GOAL OF THE EXERCISE:
The listing below should be printed in full and exactly, apart from its images.

STORED DATA:
================================

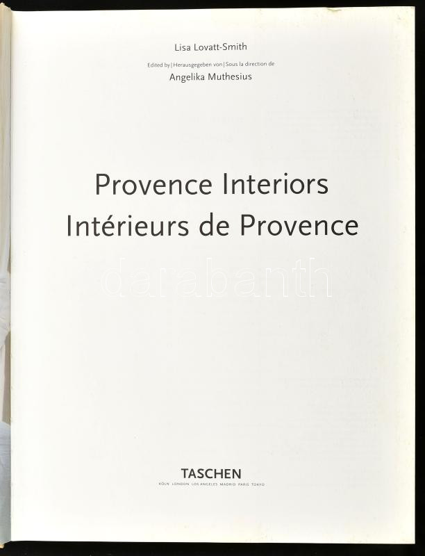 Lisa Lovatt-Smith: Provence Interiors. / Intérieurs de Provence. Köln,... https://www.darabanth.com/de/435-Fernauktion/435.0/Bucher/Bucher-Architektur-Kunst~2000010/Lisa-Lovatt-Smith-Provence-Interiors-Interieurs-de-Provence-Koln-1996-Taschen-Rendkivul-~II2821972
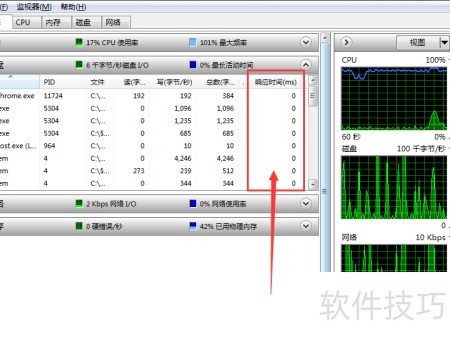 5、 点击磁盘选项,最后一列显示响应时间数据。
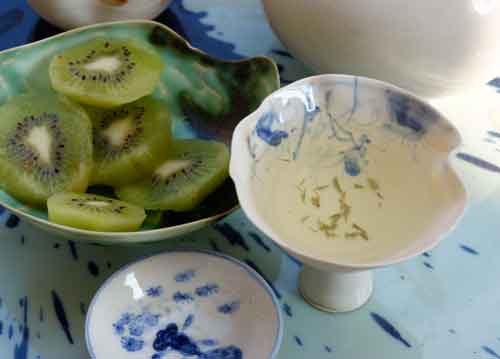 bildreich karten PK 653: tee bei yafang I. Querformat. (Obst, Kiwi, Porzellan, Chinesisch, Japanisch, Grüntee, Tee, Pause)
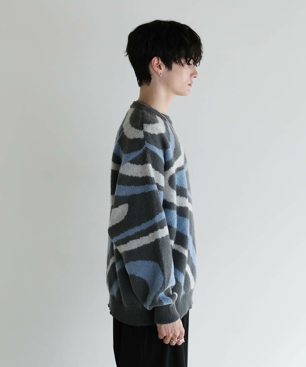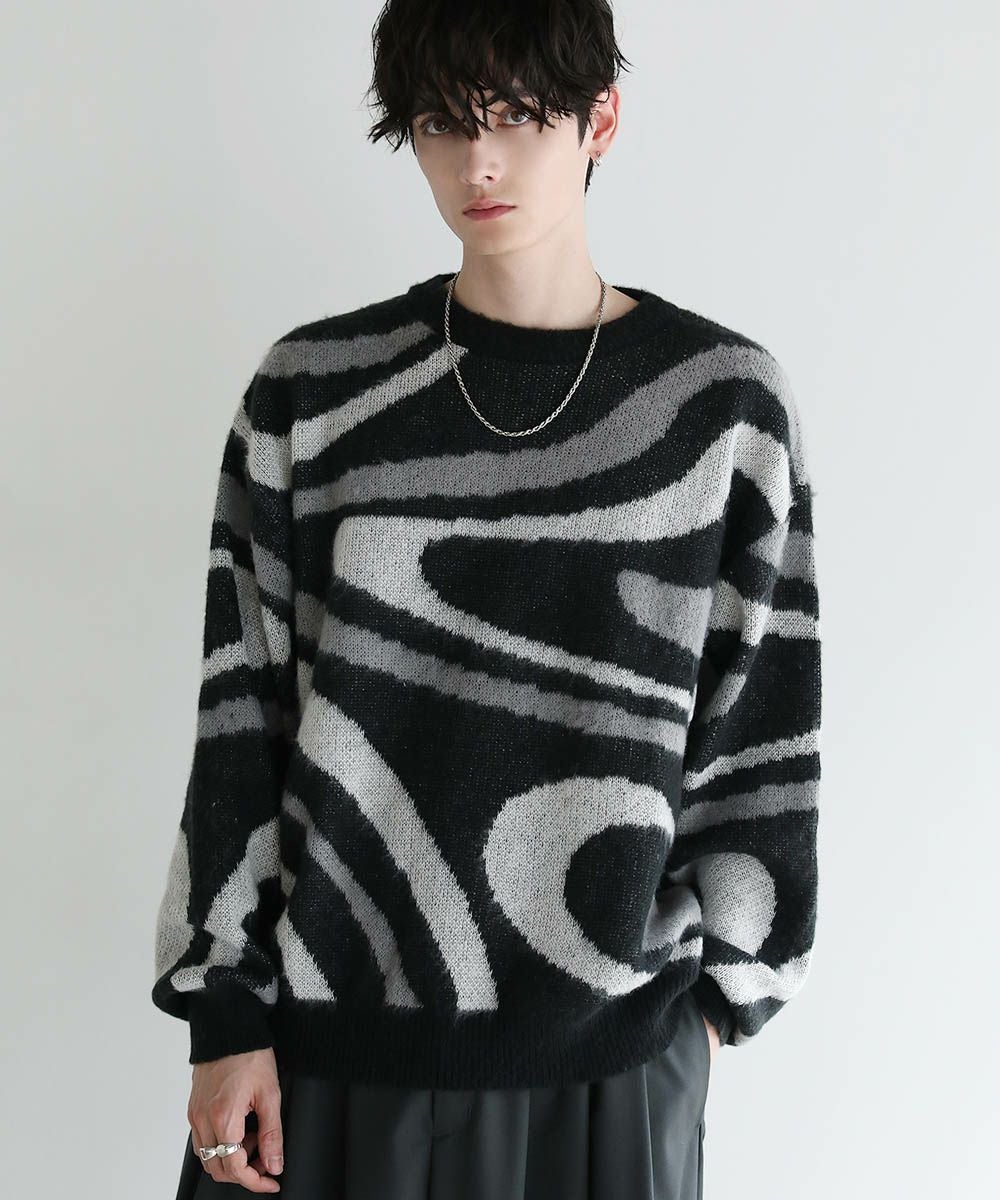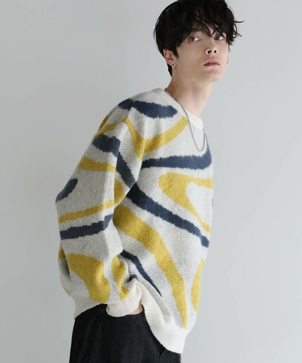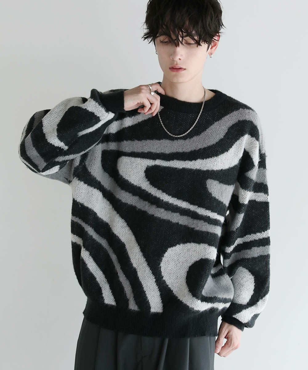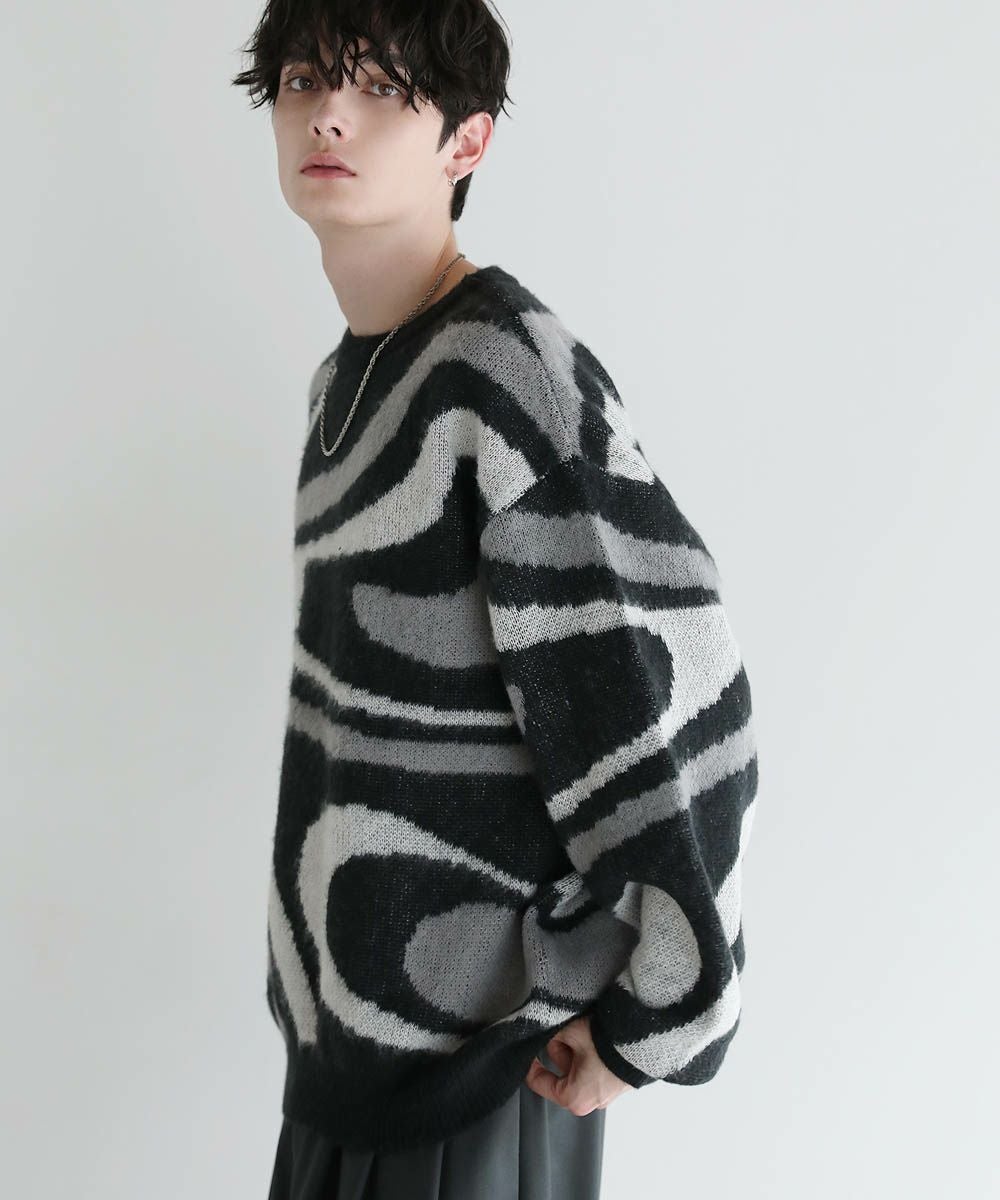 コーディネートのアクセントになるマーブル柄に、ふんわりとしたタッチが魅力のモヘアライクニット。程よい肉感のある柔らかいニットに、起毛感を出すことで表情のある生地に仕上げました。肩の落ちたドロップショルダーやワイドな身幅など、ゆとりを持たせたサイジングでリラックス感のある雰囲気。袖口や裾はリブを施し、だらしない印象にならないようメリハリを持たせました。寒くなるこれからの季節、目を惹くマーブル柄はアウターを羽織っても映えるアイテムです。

================================

TASK RESULT:
 Lisa Lovatt-Smith: Provence Interiors. / Intérieurs de Provence. Köln,... https://www.darabanth.com/de/435-Fernauktion/435.0/Bucher/Bucher-Architektur-Kunst~2000010/Lisa-Lovatt-Smith-Provence-Interiors-Interieurs-de-Provence-Koln-1996-Taschen-Rendkivul-~II2821972
 5、 点击磁盘选项,最后一列显示响应时间数据。
 bildreich karten PK 653: tee bei yafang I. Querformat. (Obst, Kiwi, Porzellan, Chinesisch, Japanisch, Grüntee, Tee, Pause)
 コーディネートのアクセントになるマーブル柄に、ふんわりとしたタッチが魅力のモヘアライクニット。程よい肉感のある柔らかいニットに、起毛感を出すことで表情のある生地に仕上げました。肩の落ちたドロップショルダーやワイドな身幅など、ゆとりを持たせたサイジングでリラックス感のある雰囲気。袖口や裾はリブを施し、だらしない印象にならないようメリハリを持たせました。寒くなるこれからの季節、目を惹くマーブル柄はアウターを羽織っても映えるアイテムです。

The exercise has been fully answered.